-- Stored data follows --

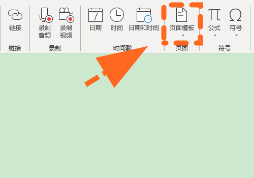 3、进入插入选项菜单,点击【页面模板】并在下拉菜单中点击【页面模板】;
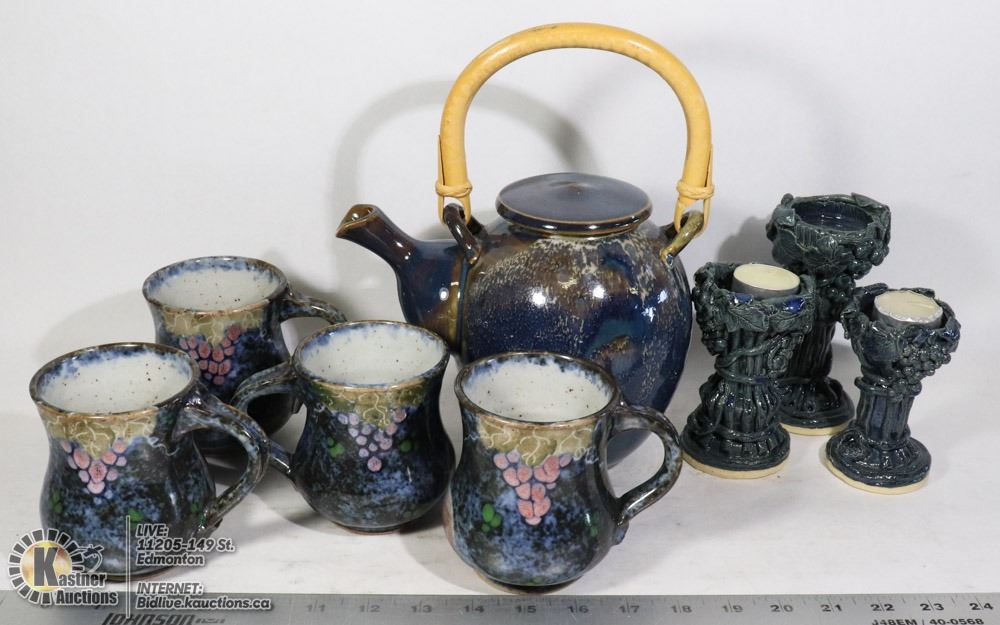 CERAMIC TEA SET WITH SET OF CANDLE HOLDERS
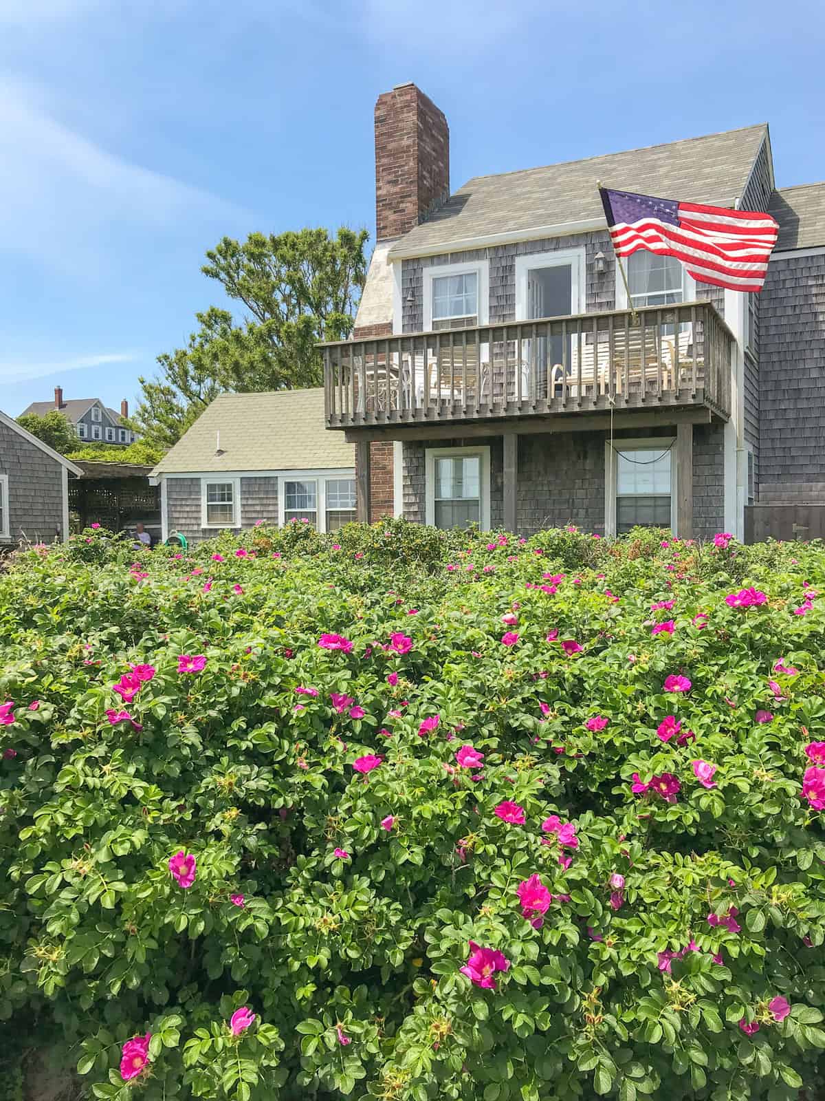 roses on the side of a shingled beach house

-- Stored data concluded --

■ What the task requires ■
Your copy should hold only the lines from the line with "CERAMIC TEA SET WITH SET OF CANDLE HOLDERS" through the end of the data above, both ends included, transcribed exactly and without pictures.

■ Answer space ■
 CERAMIC TEA SET WITH SET OF CANDLE HOLDERS
 roses on the side of a shingled beach house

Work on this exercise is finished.